Data shown:
******************************
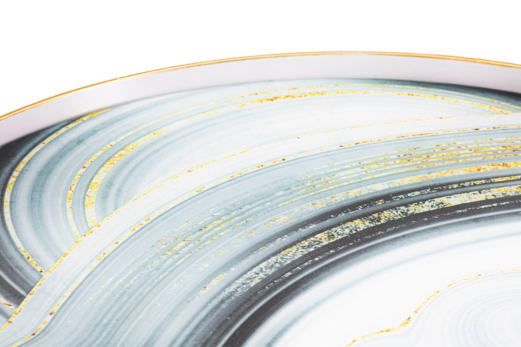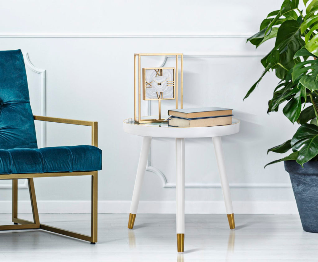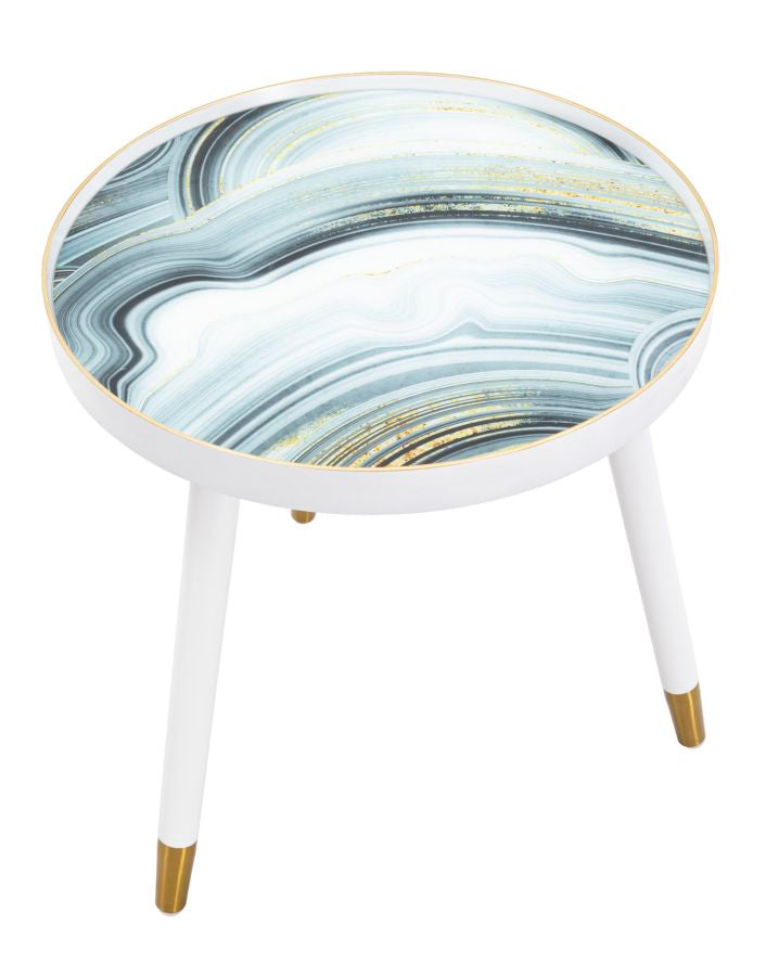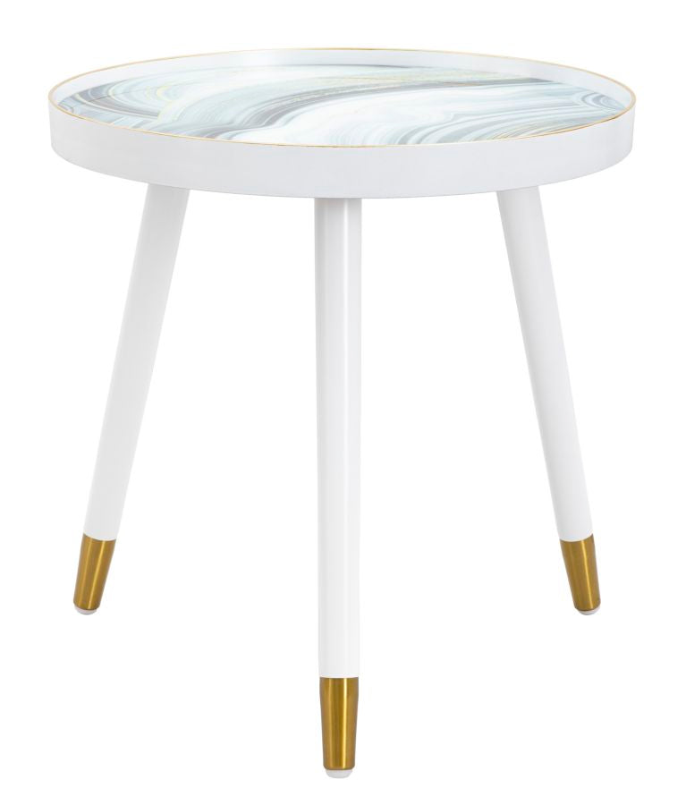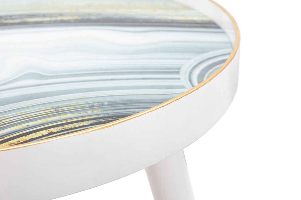 Runder Couchtisch mit weißer Struktur und eleganten goldenen Oberflächen an den Beinen. Die Platte besteht aus Glas mit einem marmorähnlichen Finish, das einen Hauch von Klasse und Raffinesse verleiht.
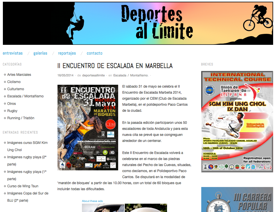 El sábado 31 de mayo se celebra el II Encuentro de Escalada Marbella 2014, organizado por el CEM (Club de Escalada Marbella), en el polideportivo Paco Cantos de la ciudad.
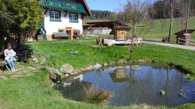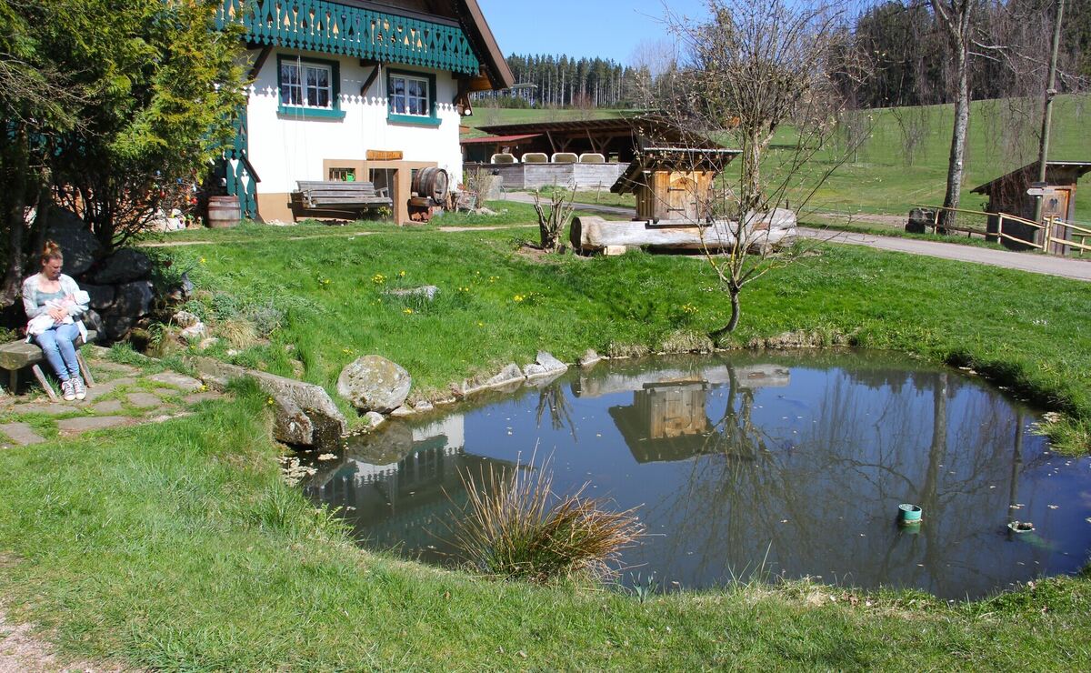 Die Brigach entspringt im Keller des Hirzbauernhofs. Im Weiher vor dem Hof tritt sie erstmals an die Öffentlichkeit.
******************************
Give an exact copy of the material, leaving out every picture.

 Runder Couchtisch mit weißer Struktur und eleganten goldenen Oberflächen an den Beinen. Die Platte besteht aus Glas mit einem marmorähnlichen Finish, das einen Hauch von Klasse und Raffinesse verleiht.
 El sábado 31 de mayo se celebra el II Encuentro de Escalada Marbella 2014, organizado por el CEM (Club de Escalada Marbella), en el polideportivo Paco Cantos de la ciudad.
 Die Brigach entspringt im Keller des Hirzbauernhofs. Im Weiher vor dem Hof tritt sie erstmals an die Öffentlichkeit.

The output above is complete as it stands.